Configuration steps

Configuration steps¶

The process of setting up an SQL Server Data Intake Process involves several key actions. The different sections of the input form are organized into these main steps:

Step 1. Configure Data Intake Process¶

Please see on the common Sidra connector plugins section about the parameters needed to configure a Data Intake Process.

Step 2. Configure Provider¶

Please see on the common Sidra connector plugins section about the parameters needed to create a new Provider.

Step 3. Configure Data Source¶

The data source represents the connection to the source database. A Data Source abstracts the details of creating a Linked Service in Azure Data Factory. The fields required in this section are the Integration Runtime and the connection string to the database. Sidra SQL Server connector plugin will register this new data source in Sidra Metadata and deploy a Linked Service in Azure Data factory with this connection. The created Linked Service will use Key Vault in Sidra Core to store the connection string to the database. Default value for Integration Runtime is AutoResolveIntegrationRuntime.

For more details on Linked Services check the Data Factory documentation.

The information that needs to be provided is the following:

Integration Runtime: this is the ADF integration runtime in charge of executing the connection between the data origin, and is associated with a deployed Linked Service. In case it is not required any IR, the option Default will be selected.
About connection details:
- AuthenticationType: From version 2022.R3, Windows Authentication for SQL server plugin has been included improving the authentication security. This field in Sidra Web allows to choose between the SQL Authentication and Windows Authentication type.
- Server Name: the name of the server to connect to.
- Database Name: the name of the database.
- User Name: user with access to the origin server.
- Use existing secret: When true, the field Password's secret name must be filled, when false, the user Password field must be filled.
- Encrypt: for the connection string (true/false). By default, true is used.
- Trust Server Certificate: for the connection string (true/false). By default, false is used.

Step 4. Configure SQL Metadata Extraction¶

Sidra Azure SQL Database connector plugin replicates the schema and tables from the source database, by querying the INFORMATION_SCHEMA System View tables.

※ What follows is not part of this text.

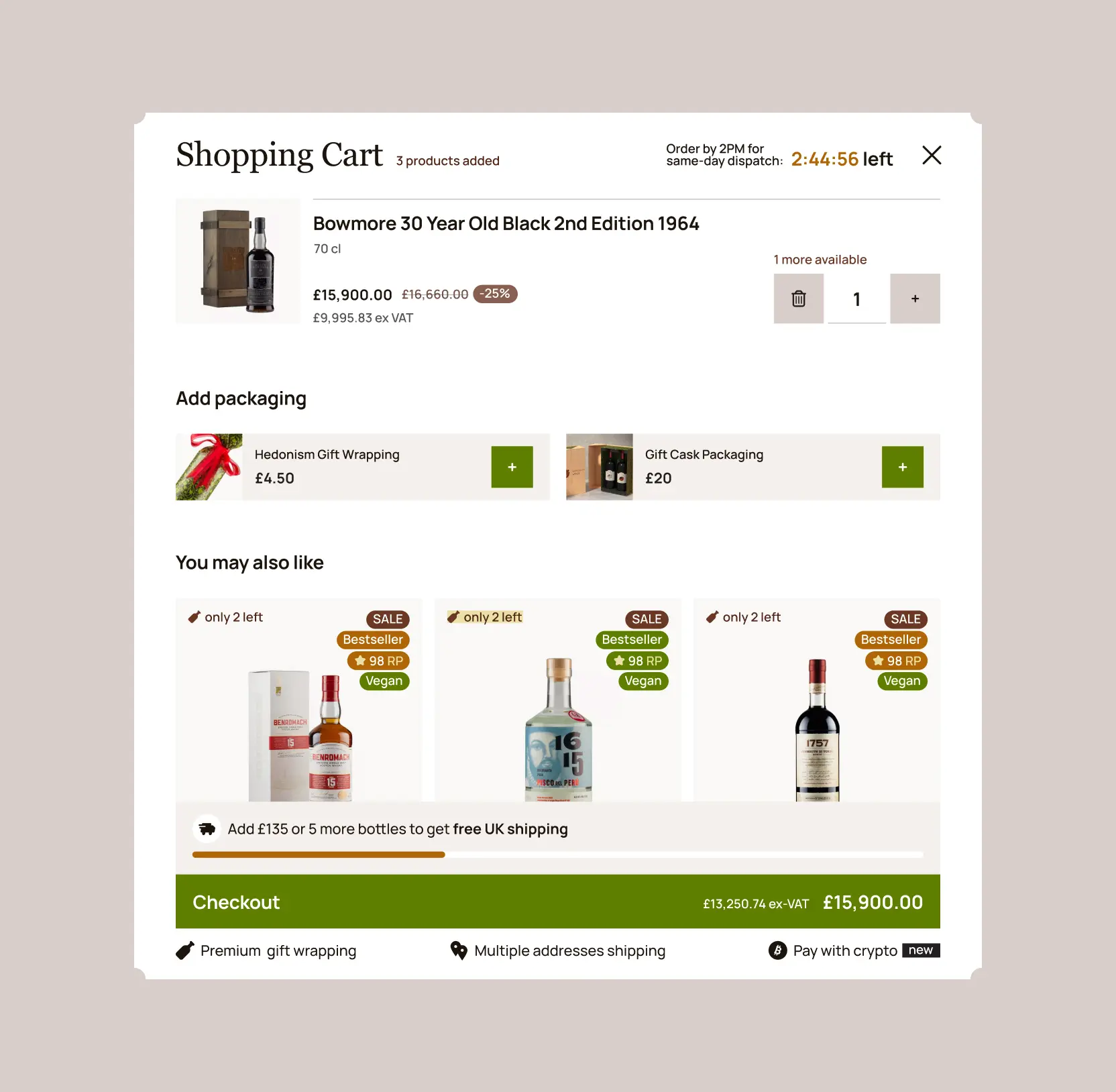 Reducing cart abandonment requires simplifying the checkout process and instilling confidence in customers. At Hedonism Wines, we streamlined the entire conversion funnel by adding product recommendations, clear labeling for ratings, and strategically placed offers. The cart experience was enhanced with progress indicators and trust signals, such as security badges and delivery timers. These changes improved purchase confidence and led to a 45% increase in checkout completions.

The extracted schema is replicated to the Sidra Metadata model hierarchy. Tables in the SQL Database source system are replicated in Sidra as Entities, and columns of these tables, as Attributes.

The Entity table in Sidra metadata model contains data about the format of the Entity generated, as well as information about how this Entity should be handled by the system. Attributes contain data about the columns of the tables. Sidra adds additional system-level Attributes to convey system-handling information at the level of the Entity (or table).

As part of the metadata extraction of a Data Intake Process setup, the autogenerated transfer query / DSU ingestion will be executed following the selected configuration scenario, transforming the data in raw storage into the optimized format in the Data Lake.

For more details, please check the Data Ingestion documentation.

The metadata extraction represents in which way the origin will be consumed in order to obtain its metadata. The information fields required to fill in the SQL Metadata extraction section will be used for three main purposes internally in Sidra:

Create and populate the Sidra Core metadata structures (Entities and Attributes).
Create, deploy and execute an Azure Data Factory pipeline for the metadata extraction steps (see below steps).
Auto-generate the create tables and executes the autogenerated transfer query / DSU ingestion script, including all the steps for storing the optimized data in the data lake storage.

These are the metadata extractor configuration parameters to be input for this version of connector plugin. All of these parameters are optional:

Number of Tables per Batch: this is used internally in the metadata extractor pipeline in order to specify the number of tables that will be consumed per batch.
Types of Objects to Load: views, tables or both.
Object Restriction Mode: there can be three options here:
- Include all objects: all objects from all databases will be imported.
- Include some objects: to specify a list of objects to include.
- Exclude some objects: to specify a list of objects to exclude.
Object Restriction List: this is a list with comma separated values, which includes those objects that we want or do not want to load into the system, depending on the value of Object Restriction Mode. If no values are specified in this field, all objects will be loaded. To fill in this field, add a list of [<database_name>].[<schema_name>].[<table_name>] or [<database_name>].[<schema_name>] or [<database_name>] elements in plain text, separated by comma. Examples: [AdventureWorks].[Sales_LT], [AdventureWorks].[Orders_LT].[OrderHeader], [EmployeesDB]

Once the metadata extractor pipeline has been created, it is executed. This execution could take a while (from 5 to 15 minutes) depending on the load of Data Factory and the status and load of the associated Databricks cluster. Sidra exposes API endpoints as well to manually execute the SQL Metadata extractor pipeline.

Step 5. Configure Trigger¶

Please see on the common Sidra connector plugins section about the parameters needed to set up a trigger.